Page 39


I take the stairs two at a time till I reach the third level, where I find the unit crouched behind the first line of cars, several feet back from the wall that faces the sniper’s building. Dumbo is kneeling beside Teacup, working on her leg. Her fatigues are ripped, and I can see an ugly red gash where a bullet tore across her calf. Dumbo slaps a dressing over the wound, hands her off to Ringer, then rushes over to Oompa. Flintstone is shaking his head at me.

“Told you we should abort,” Flint says. His eyes glitter with malice. “Now look.”

I ignore him. Turn to Dumbo. “Well?”

“It’s not good, Sarge.”

“Then make it good.” I look over at Teacup, who’s buried her head into Ringer’s chest, whimpering softly.

“It’s superficial,” Ringer tells me. “She can move.”

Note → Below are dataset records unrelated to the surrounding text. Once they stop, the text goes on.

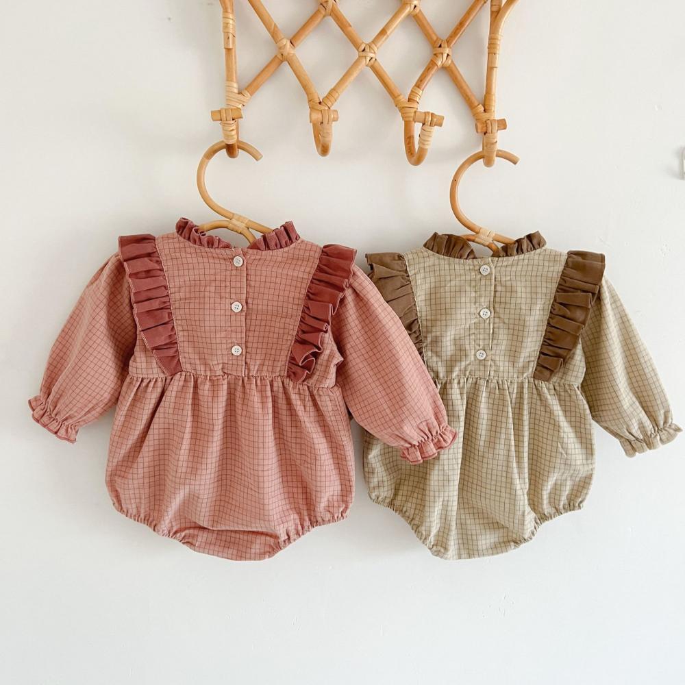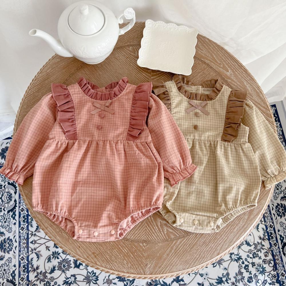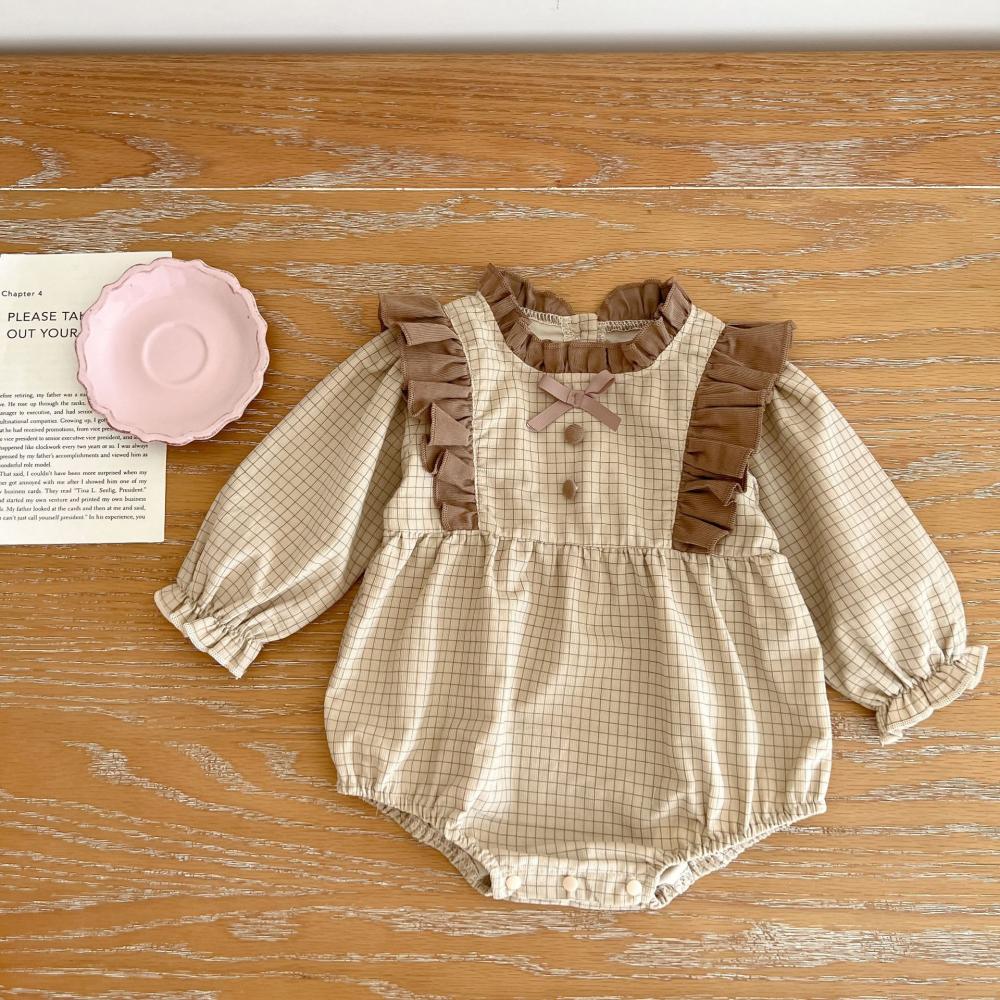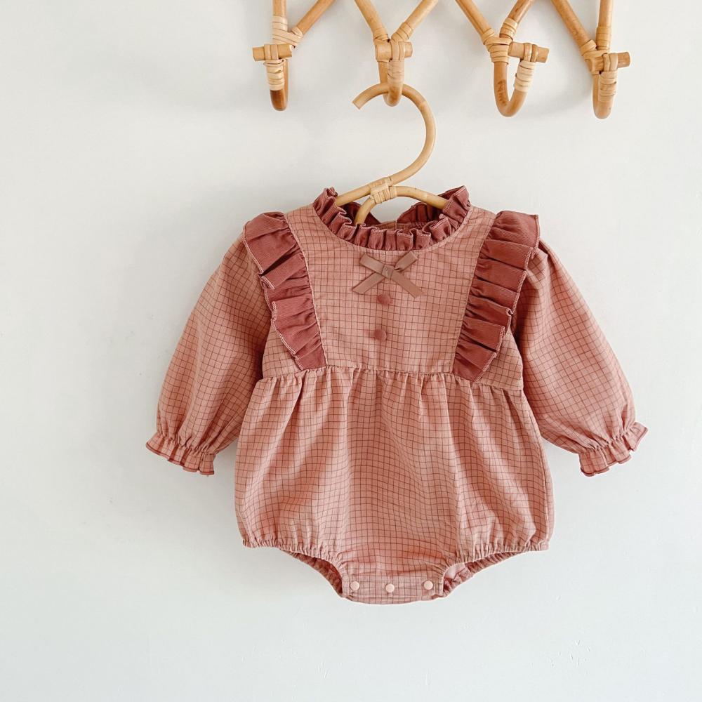 Autumn Baby Girl Corduroy Plaid Bow Romper Wholesale Baby Clothes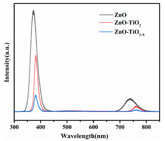 To judge the quality of ZnO crystals and perform the mechanism of photoinduced charge carriers and interfacial charge transfer over the ZnO/TiO2-X heterostructures, the room temperature PL spectra of the three synthesized samples are shown in Figure 6. The pure ZnO nanorods show a strong and sharp ultraviolet luminescence peak at ~372 nm, originating from the near band gap excitonic emission, and the other is located at ~738 nm, which is attributed to the second-order diffraction peak emitted at the ultraviolet band [45]. No obvious defect emission is seen in the yellow-green wavelength band of visible light, indicating that the ZnO nanorods prepared in this way have good crystallinity and fewer surface defects [46,47]. After coating with TiO2, the emission intensity is significantly reduced, which indicated that the composite materials reduce the recombination probability of photogenerated e−/h+ pair. It is worth noting that the black TiO2-X mesoporous spheres/ZnO nanorods heterojunction has the lowest electron-hole recombination rate. Therefore, the unique heterostructure photocatalyst of the ZnO/TiO2-X has a positive effect on the effective separation of photogenerated carriers during the photocatalytic reactions charge carriers. This considering the fact that the number of oxygen vacancies in titanium dioxide is too low to be disclosed, it can be easily explained that the significantly defect emission peak by oxygen vacancies in the PL was not observed. It is worth noting that the emission peak of ZnO nanorods shifted to the right after coating with TiO2-X. This behavior may be due to the quantum confinement stark effect [48,49,50]. Therefore, the type II band structure of ZnO/TiO2-X promotes the excited carriers, which confines the electron-hole recombination, and results in the emission intensity decreases. From the electron dynamics point of view, the observed lifetime shortenings obviously indicate an improvement in the charge separation for the ZnO/TiO2-X, leading to an increase in photocatalytic performance (as below).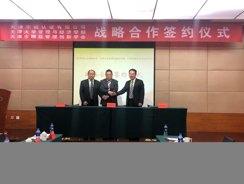 为推进产学研深度融合、促进管理技术创新,充分发挥各方优势资源,本着平等互利、优势互补的原则,天津大学管理与经济学部与天津华诚认证有限公司、天津市精益管理创新学会建立长期战略合作关系。2018年12月28日,三方签约仪式在中国汽车技术研究中心隆重举行。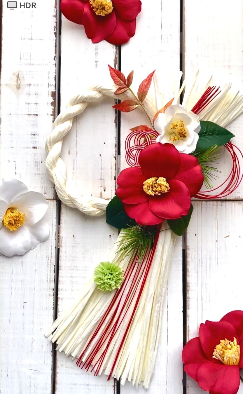 紅白の椿と水引きを使ってお正月を華やかに彩るしめ飾りを作ります。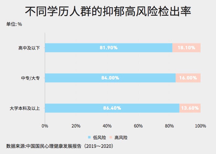根据报告分析结果显示,不同学历组间差异显著。学历越高,心理健康水平越高,特别是大学本科及以上学历人群的心理健康水平显著高于更低学历的人群。以抑郁为例,可以看到大学本科及以上学历组的抑郁高风险检出率较低。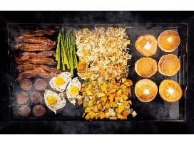 The Traeger Flatrock Flat Top Grill opens up a whole new world of griddling, frying, steaming, and sauteing for the backyard chef! The Flatrock offers the versatility to fire up every meal with three separate cooking zones letting you simultaneously cook at different temps. Explore new flavor frontiers and enhance your patio cookspace with the Flatrock.

I nod. Oompa down. Teacup shot. Flint ready to mutiny. A sniper across the street and a hundred or so of his best friends on their way to the party. I’ve got to come up with something brilliant and come up with it quickly. “He knows where we are, which means we can’t camp here long. See if you can take him.”

She nods, but she can’t peel Teacup off her. I hold out my hands wet with Oompa’s blood: Give her to me. Delivered, Teacup squirms against my shirt. She doesn’t want me. I jerk my head toward the street and turn to Poundcake, “Cake, go with Ringer. Take the SOB out.”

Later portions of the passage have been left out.